**Assignment**:
Write the listing out again word for word, excluding any pictures.

**Data shown**:
<<<<
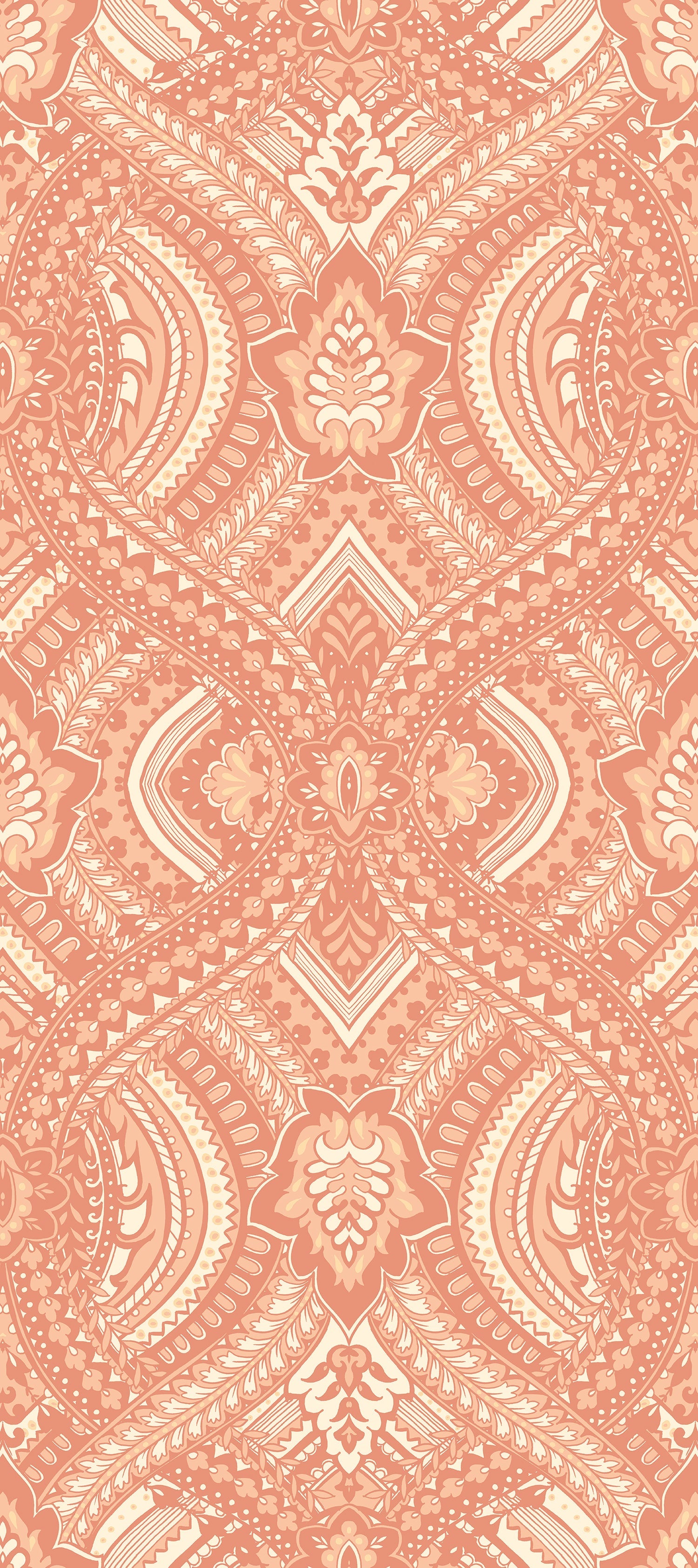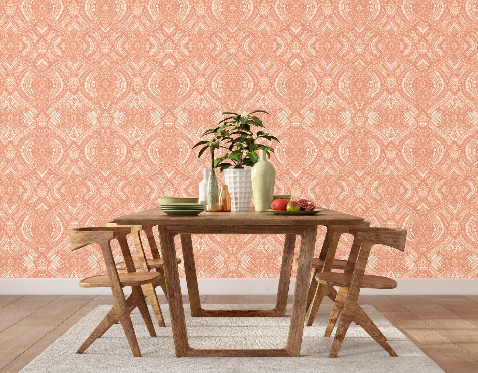 The image reveals a stunning expanse of mirrored ogee trails, each gracefully interlaced with intricate damask motifs. Subtle, harmonious shades of orange create visual depth and warmth, while the symmetrical pattern adds a sense of relaxed sophistication to any setting. The overall effect is both elegant and inviting, making this wallpaper a versatile choice for a range of décor styles.
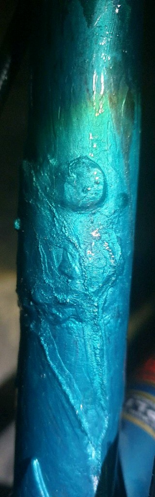 Beim Neuaufbau meines alten Koga Traveller ca. '91, kam der total verwitterte Lack ab. Vorher sah alles super aus, als der Lack ab war, kamen unten am Oberrohr viele kleine Löcher zum Vorschein. Wurde durch einlöten eines neue Oberrohrs repariert, wirtschaftlich natürlich kompletter Unfug ab nach 30 Jahren hing ich halt irgendwie an dem alten Teil.
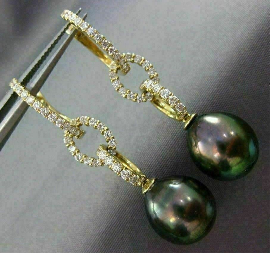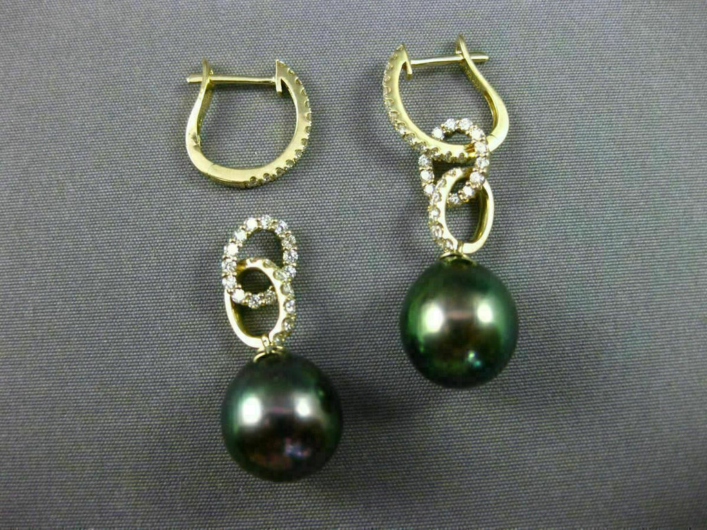 LARGE 18KT YELLOW GOLD EARRINGS. 3D OVAL TEAR DROP DESIGN. DIAMONDS ARE F/G COLOR, VSSI CLARITY .81 CARATS. FEATURES AAA 11MM TAHITIAN PEARLS. MEASURES 41MM X 11MM WIDE. WRITTEN APPRAISAL AVAILABLE. COMES IN A PRESENTABLE GIFT BOX.
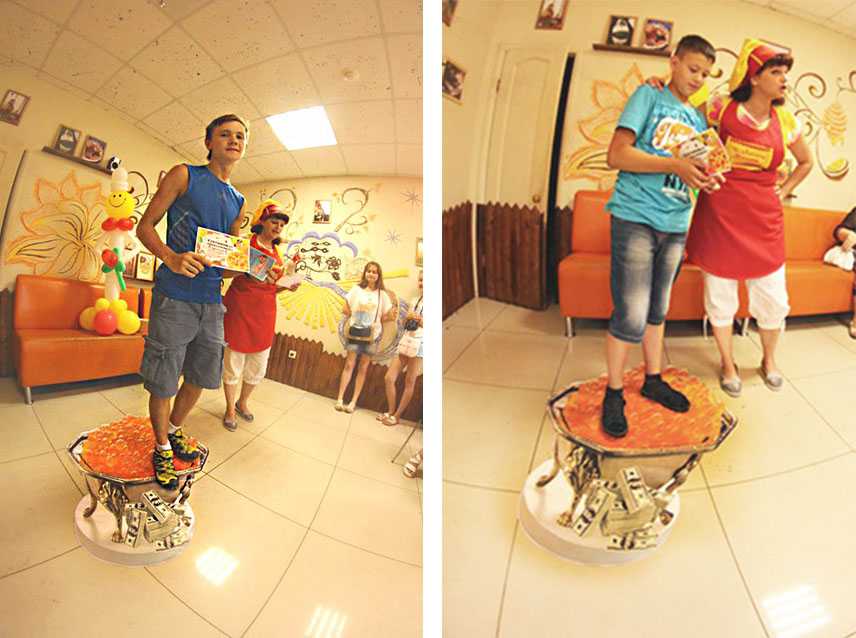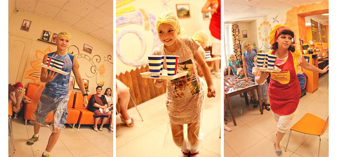 Задача: Донести подносы до финальной черты (в нашем случае до дивана, где в это время сидели родители). Улыбнуться, слегка поклониться и пойти обратно.
>>>>
**Written solution**:
 The image reveals a stunning expanse of mirrored ogee trails, each gracefully interlaced with intricate damask motifs. Subtle, harmonious shades of orange create visual depth and warmth, while the symmetrical pattern adds a sense of relaxed sophistication to any setting. The overall effect is both elegant and inviting, making this wallpaper a versatile choice for a range of décor styles.
 Beim Neuaufbau meines alten Koga Traveller ca. '91, kam der total verwitterte Lack ab. Vorher sah alles super aus, als der Lack ab war, kamen unten am Oberrohr viele kleine Löcher zum Vorschein. Wurde durch einlöten eines neue Oberrohrs repariert, wirtschaftlich natürlich kompletter Unfug ab nach 30 Jahren hing ich halt irgendwie an dem alten Teil.
 LARGE 18KT YELLOW GOLD EARRINGS. 3D OVAL TEAR DROP DESIGN. DIAMONDS ARE F/G COLOR, VSSI CLARITY .81 CARATS. FEATURES AAA 11MM TAHITIAN PEARLS. MEASURES 41MM X 11MM WIDE. WRITTEN APPRAISAL AVAILABLE. COMES IN A PRESENTABLE GIFT BOX.
 Задача: Донести подносы до финальной черты (в нашем случае до дивана, где в это время сидели родители). Улыбнуться, слегка поклониться и пойти обратно.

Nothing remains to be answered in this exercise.